The Centre Party decided on 30 November 2015 that the party would choose their presidential candidate already in June 2016. Soon after, former Prime Minister and Centre Party's presidential candidate in 2006 election, Matti Vanhanen, announced that he would run for candidacy. Prime Minister Juha Sipilä declined his interest early on. Other prominent names in speculations for the candidacy were the former Prime Ministers Esko Aho and Anneli Jäätteenmäki, and former Minister of Economic Affairs Olli Rehn. Rehn declined the possibility stating that it wouldn't be possible to combine his duties as cabinet minister with campaigning. Aho did not comment his interest in candidacy, but it was considered unlikely for him to seek presidential nomination, as he was a candidate for the supervisory board of Sberbank at the time. Jäätteenmäki, an incumbent Vice President of the European Parliament, said running for president was "not on her agenda".

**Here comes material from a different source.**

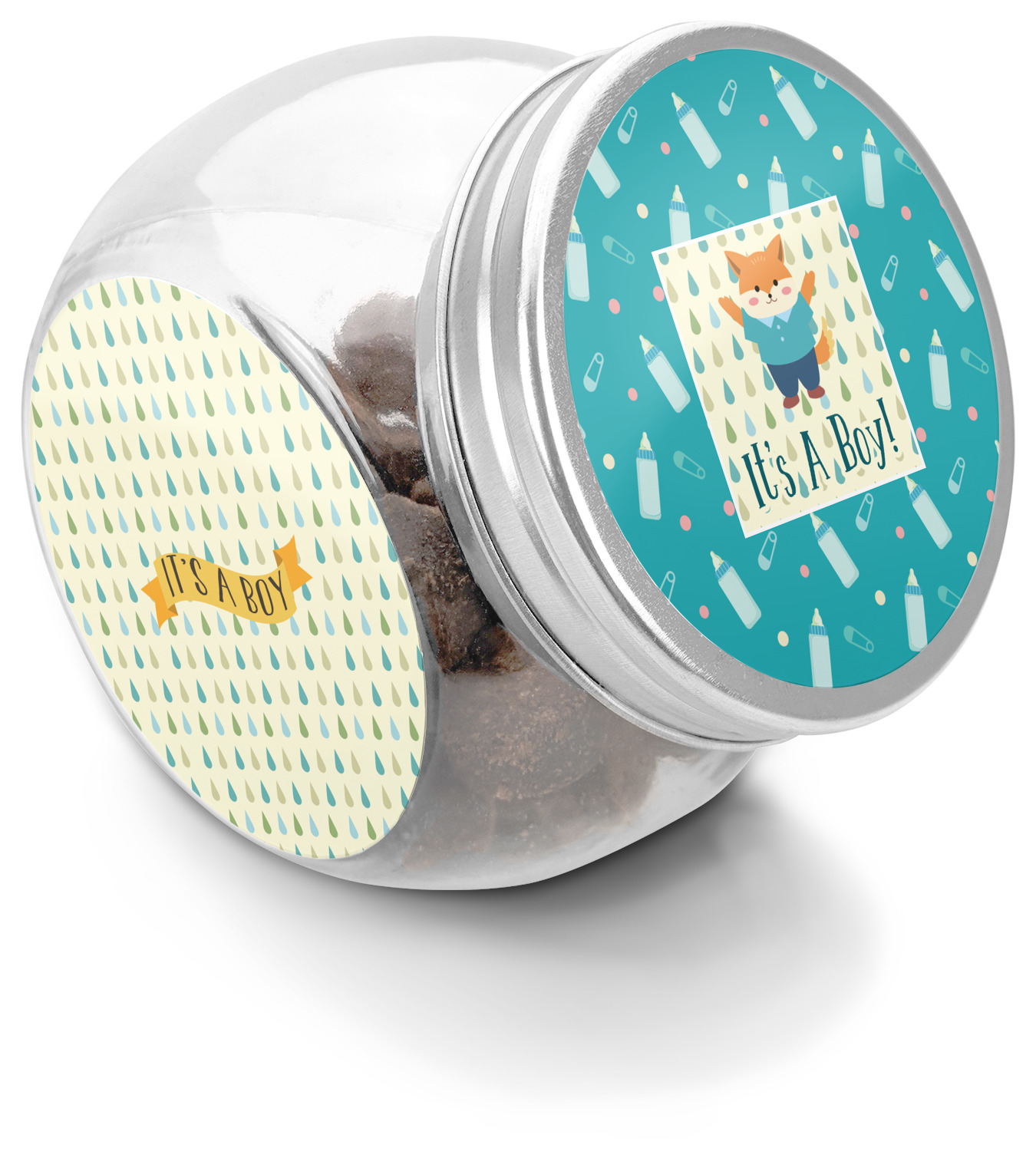 This design is for a new baby boy. The background is a bright teal color with baby bottles and safety pins. The secondary background has blue, teal, and green raindrops with a soft yellow behind them. The teal background almost acts as a frame around the yellow background. On the yellow background there is a fun little fox graphic celebrating with the words underneath him: "It's A Boy!"

As no challengers appeared till the deadline of 11 May, Vanhanen was the sole candidate in June's party congress and was confirmed as the Centre Party's candidate in the presidential election. Vanhanen has said that his candidacy is motivated by the support he felt he had around the country during his last campaign and the will to improve the security situation in the areas surrounding Finland.

Finns Party

The Finns Party is likely to confirm their candidate in summer 2017. The leader of the Finns Party Timo Soini announced early on in November 2014 that he would not seek candidacy in the 2018 presidential election, after getting 3,43 % and 9,4 % of votes in 2006 and 2012 presidential elections respectively. He reaffirmed his decision in April 2016, encouraging party to move on and inviting new faces to enter party's primaries. As Soini had been a strong face for the Finns Party, his decision sparked much speculation on the party's decision, as party's presidential candidate was expected to also follow Soini as the chairman.

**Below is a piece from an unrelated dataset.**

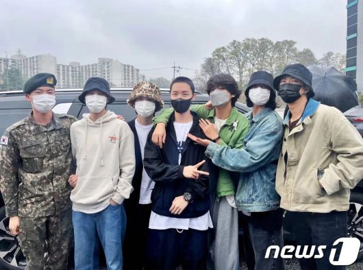 그룹 방탄소년단(BTS)의 제이홉이 18일 강원도 한 육군 사단 신병교육대로 입대한 가운데 멤버들이 배웅하며 기념촬영을 하고 있다. (방탄소년단 SNS 캡처) 2023.4.18/뉴스1 |

In March 2017, Soini announced that he would not seek another term as the leader of the party. Soon after, the chairman of the parliamentary group Sampo Terho announced that he would seek chairmanship and, if elected, also presidential candidacy. Member of the European Parliament Jussi Halla-aho, Minister of Defence Jussi Niinistö and Speaker of the Parliament Maria Lohela did also express their interest in candidacy, while Minister of Justice and Labor Jari Lindström declined early on. However, only Halla-aho decided to also seek chairmanship in the leadership election.

Choosing the presidential candidate for the party was on the agenda for party congress in June 2017. However, after Jussi Halla-aho won the leadership election, the decision was postponed by Halla-aho's request. A few days after the leadership election, twenty Finns Party MPs, including all cabinet ministers, defected to form a new parliamentary group under the name New Alternative. After the split, most of the potential presidential candidates had left the party. However, the newly elected vice-chairman Laura Huhtasaari and MP Tom Packalén announced that they were thinking about the candidacy.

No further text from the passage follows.